THE CATALYST: Blake Goodner ’96 believes he’s gained much from his Duke experience. As a cofounder of the investment company Bridger Capital, he also has gained financial expertise, including hedge-fund analysis. A class designed to “provide current Duke students with a real-world Wall Street experience” would be “a powerful and enduring way to give back,” he says. After making his intention known, he connected with associate professor of economics Emma Rasiel, and they fashioned the equity analysis class, which they co-teach. Goodner joins the class from New York by videoconference every second week. “It makes for a broader student experience,” says Rasiel of the co-teaching format. “The students hear and are reminded that there isn’t a right answer all the time. There’s more than one way.”
THE GIST: Ten students—who must apply for the one-day-a-week, two-and-a-half-hour class—work in pairs and come up with reports that give “buy” or “sell” recommendations for companies, ranging from Starbucks to Western Union. “Typically, I look for a mix of potential world-beater companies that most people know, high-growth companies where there may be a debate about the sustainability of the growth, and value companies that may recently have struggled and/or are in turnaround mode,” Goodner says. Students evaluate two companies during the semester.

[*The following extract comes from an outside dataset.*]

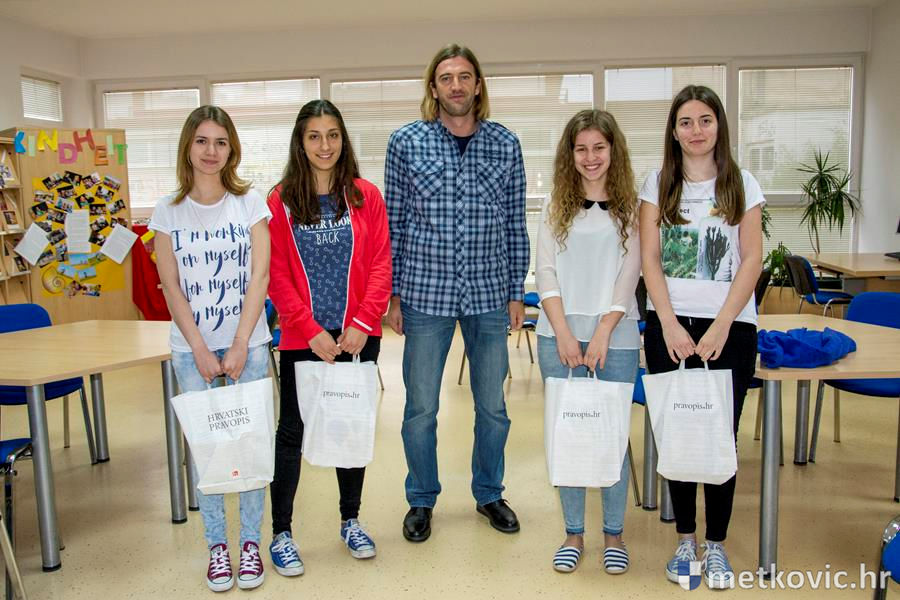 25.5.2016. - Domagoj Vidović s Instituta za hrvatski jezik i jezikoslovlje jučer je posjetio Gimnaziju Metković i uručio knjige četirima učenicama koje su početkom svibnja sudjelovale na državnom Natjecanju iz poznavanja hrvatskoga jezika.

THE TWIST: The research teams must find an angle on the company that gives heft to their recommendation. “It’s very deep-dive digging into the nuts and bolts of how companies work,” says Rasiel. “We try to see what we can identify that others haven’t.” So, students must push themselves to find creative analytical approaches. Last spring, for instance, one team compared under Armour athletic wear to Nike athletic wear by polling 100 Duke athletes about the quality of UA’s apparel, its wicking qualities versus Nike’s products, its brand image, and whether the company’s focus on lacrosse teams has paid off. Goodner grills each team on its investment theses, just as would happen in the real world; the class votes on the strongest presentation. “They’ve got to prove their story is a good one,” says Rasiel.
ASSIGNMENT LIST: Author Michael Lewis’ acclaimed work The Big Short is required reading, punctuating the course’s emphasis on experience beyond the usual classroom. “It’s one of the more insightful books about the credit crisis that led to the economic downturn in 2008, from which our economy is still recovering,” says Rasiel. “The other books on the reading list are primarily about hedge funds, but one cannot fully understand the hedge-fund industry without putting it in the perspective of the overall economic environment.”
WHAT YOU MISSED: Perhaps some good investor information. After their time in the class is long over, students watch the stock market and talk with Goodner about the prescience of their research. “Teaching this class has been reinvigorating in many ways for me and has provided me with fresh perspectives on some stocks I thought I already knew well,” says Goodner. “The Duke students use social media in ways I hadn’t imagined, which in some cases has provided very unique investment insights.”